Serve un approccio non tecnofobico, ma critico: l’IA è cieca all’eccezione, anche quando è proprio l’eccezione a riscrivere le regole. Per questo i leader devono saper vedere ciò che l’algoritmo non vede e costruire spazi organizzativi per accoglierlo. Perché l’IA non può sostituire la visione strategica — e solo chi sa usare l’IA senza subirla potrà guidare il cambiamento.

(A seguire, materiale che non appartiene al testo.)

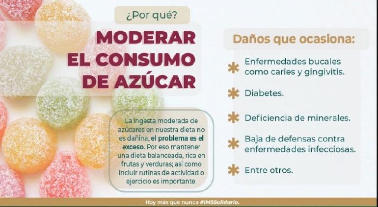 Indicó que entre los daños que ocasiona el consumo desmedido de azúcar destacan los siguientes:

L’induzione è la facoltà di derivare regole generali da un numero finito di osservazioni. Permette di fare previsioni in contesti che si sanno essere costanti. Un cigno nero, cioè un evento induttivamente imprevedibile che altera radicalmente le regole del sistema, dimostra che l’induzione non funziona sempre, almeno in economia, e quando non funziona la questione è seria. Non è l’evoluzione normale a produrre i cambiamenti radicali perché, per dirla con Taleb, ciò che è normale è irrilevante. L’induzione, infatti, porta raramente a conclusioni rilevanti o rivoluzionarie. Anzi, per un eccesso di fiducia nel fatto che il futuro sarebbe una proiezione prevedibile del passato, l’induzione ci impedisce di riconoscere i cigni neri quando li troviamo. Infatti, ci rende ciechi di fronte a tutto ciò che esce dalla norma, anche quando potrebbe esserci necessario.

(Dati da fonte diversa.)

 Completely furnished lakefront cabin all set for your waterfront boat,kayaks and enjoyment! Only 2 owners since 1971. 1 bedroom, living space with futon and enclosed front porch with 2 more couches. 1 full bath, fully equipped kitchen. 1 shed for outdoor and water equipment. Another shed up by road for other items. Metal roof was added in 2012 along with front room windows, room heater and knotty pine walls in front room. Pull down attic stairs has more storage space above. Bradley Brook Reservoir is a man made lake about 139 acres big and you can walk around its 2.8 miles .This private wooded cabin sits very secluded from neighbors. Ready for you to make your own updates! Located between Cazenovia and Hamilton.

Nessuna osservazione garantisce che il futuro si comporterà come il passato. Qualunque tentativo di giustificare l’induzione è ricorsivo: se diciamo che l’induzione ha funzionato in passato, stiamo già usando l’induzione per difendere l’induzione. Hume ha chiarito bene che l’abitudine a credere nella stabilità delle cose non si appoggia sulla ragione ma sulla consuetudine e sul comfort psicologico.
Popper ha provato a slegare la scienza dall’induzione, proponendo con successo il metodo di congetture e confutazioni. Le teorie, da lui in poi, non si verificano ma si mettono alla prova. Restano valide finché non vengono smentite. Ma la realtà potrebbe cambiare comunque, o potrebbe cambiare il nostro modo di osservarla e descriverla. Infatti, Goodman, usando l’argomento dei predicati strani, ha mostrato quanto l’osservatore sia importante nella descrizione della realtà. Un predicato strano è una categoria che rispetta tutte le osservazioni passate, ma che implica un comportamento discontinuo e inatteso nel futuro.

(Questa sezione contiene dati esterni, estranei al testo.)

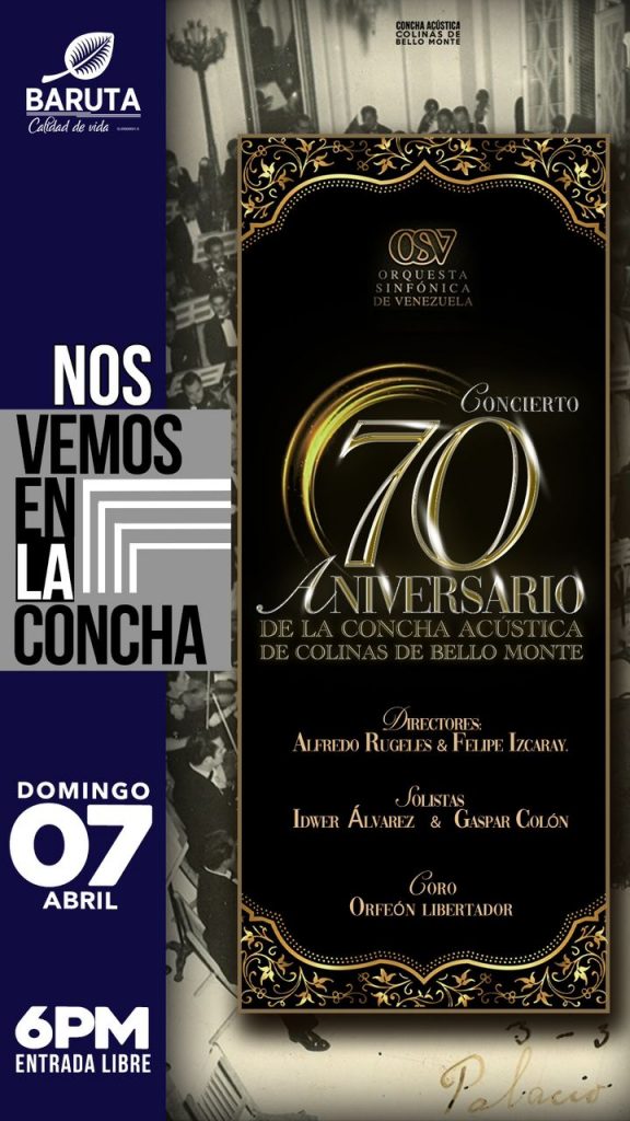 Para celebrar a lo grande el aniversario setenta de “La Concha Acústica de Bello Monte”, este fin de semana la Alcaldía de Baruta ha preparado una programación especial en el marco de “Nos Vemos En La Concha”, primero con la presentación de la exitosa pieza teatral “Sangre en diván” con Héctor Manrique este sábado 06 de abril a las 7:00 pm y con un cierre con “broche de oro” el domingo 07 de abril a las 6:00 pm, con un concierto emblemático de La Orquesta Sinfónica de Venezuela, bajo la dirección de los maestros Alfredo Rugeles y Felipe Izcaray, ambos días con entrada totalmente libre para los ciudadanos, quienes pueden acceder a este recinto cultural ubicado en Colinas de Bello Monte desde las 5:00 pm, con seguridad garantizada por parte de la alcaldía y para el deleite de todos los caraqueños.

Goodman ipotizza uno smeraldo color grue, che è verde fino a una certa data e blu oltre quella data. Ogni smeraldo osservato prima è sia verde che grue. Dunque, l’osservazione passata supporta entrambe le ipotesi. Ma noi preferiamo verde, perché ci siamo abituati, mentre grue è fuori dalla nostra consuetudine psicologica. Goodman sostiene che non esista una giustificazione logica per preferire un predicato all’altro quando questi sono arbitrari.
E, per reciprocità, questo vale anche per i predicati che ci sembrano normali per consuetudine, ma postulano una discontinuità arbitraria. Come, per esempio, le età dell’uomo: infanzia, adolescenza, giovinezza e così via con le etichette. La stessa persona cambia definizione in base al criterio arbitrario del susseguirsi dei compleanni. La persona non sta mutando ontologicamente, ma semplicemente entra in una nuova etichetta. È un predicato arbitrario che non ci appare strano solo perché ci siamo abituati.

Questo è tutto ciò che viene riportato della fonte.